Reuters reported on February 5 that the U.S. State Department had denied a visa to Ibrahim Ferrer of the Buena Vista Social Club, denying him the chance to pick up a Grammy award at ceremonies in Los Angeles. According to a February 5 Associated Press report, the State Department has also denied a visa to the Rev. Raul Suarez, the beloved director of the Martin Luther King Memorial Center in Havana and preacher at the Center’s Ebenezer Baptist Church. He was supposed to have delivered a speech February 10 at the University of Rhode Island and attended Black History Month events in Boston and Mobile, Ala. Since 1980,  Suarez has visited in the United States approximately 20 times to speak before church groups and at universities.

But contradictions regarding the travel restrictions are readily apparent. U.S. law permits U.S. citizens who are Cuban – American to visit the island with ease, an estimated 140,000 to 180,000 making the trip every year. They send millions of dollars to family members and are rarely prosecuted for sending amounts that far exceed the ample legal limits.

Congressional Republicans and democrats alike favor lifting of the restrictions, as shown by legislation that both Houses passed overwhelmingly last fall to cut out funding for the restrictions. (The change had been attached as an amendment to an appropriations bill, and behind closed doors, in the middle of the night, a conference committee stripped out the amendment.)

Public opinion polls show strong sentiment in favor of easing both the travel restrictions and the embargo.
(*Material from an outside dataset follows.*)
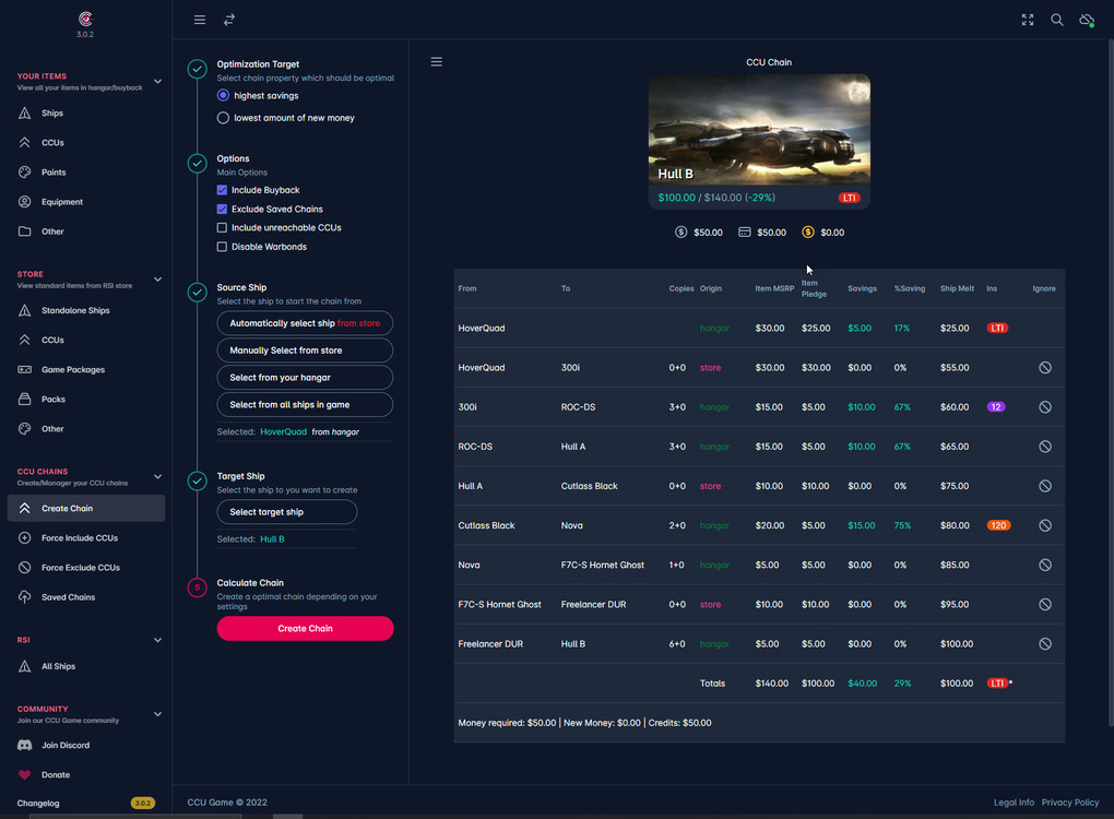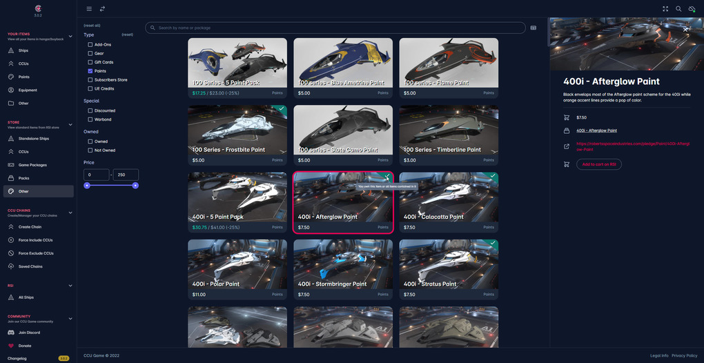 https://ccugame.app is a mobile friendly website which can give you a quickly searchable concise overview over all your hangar/buyback items and all currently available items in the store of robertsspaceindustries.com. Based on this data it allows for the automatic calculation of optimal CCU chains to create your dream fleet with a maximum amount of savings. You can upload your items into the cloud, so you can access your data from anywhere or you can use it in a local only mode where no data ever leaves your browser.
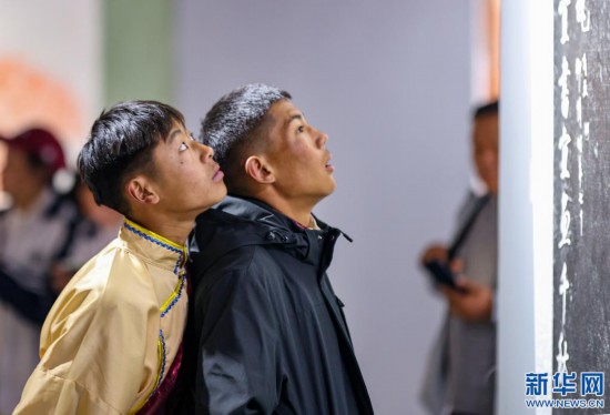 兩名中學(xué)生在西藏牦牛博物館參觀《黃庭堅(jiān)書法文獻(xiàn)展》(5月18日攝)。新華社記者 姜帆 攝

According to Andres Gomez, a Miami based Cuban American leader working in solidarity with Cuba, polls show that even in southern Florida most Cuban Americans want an end to the travel ban.

U.S. agricultural interests have long been agitating to sell food to Cuba and theirs is one of the loudest voices calling for getting rid of the trade and travel restrictions. Legislation three years ago did give them the OK to make cash only food sales to Cuba. Cuba now has entered into purchase agreements with U.S. firms amounting to more than 700 million dollars. Senator Larry Craig and Congressman Butch Otter of Idaho are good examples of this farm – based opposition to the Cuba policies of the Bush administration.

The two Republicans recently returned from a four-day trade mission to Cuba, where they signed agreements that would allow Cuba's food import company to buy 10 million dollars worth of Idaho agricultural products. At a Capitol Hill news conference on February 11, Senator Craig reported telling Cuban officials that the opportunity would come next year for far- reaching legislative changes regarding Cuba. He predicted that in 2005, after the November election, the United States would drop its ban on North Americans traveling to the island.

The Bush regime wants ultimately to do in the Cuban revolution, but right now it must placate its right wing Florida rascals. The Bushites may figure that hammering on the travel ban will cost them very little, maybe some disappointment on the part of tourists in search of warm beaches and scorn from left wing cranks, but little more. The point, however, is that the right to travel is a basic human right, and that the whole blockade, of which the travel ban is a big part, is cruel and illegal.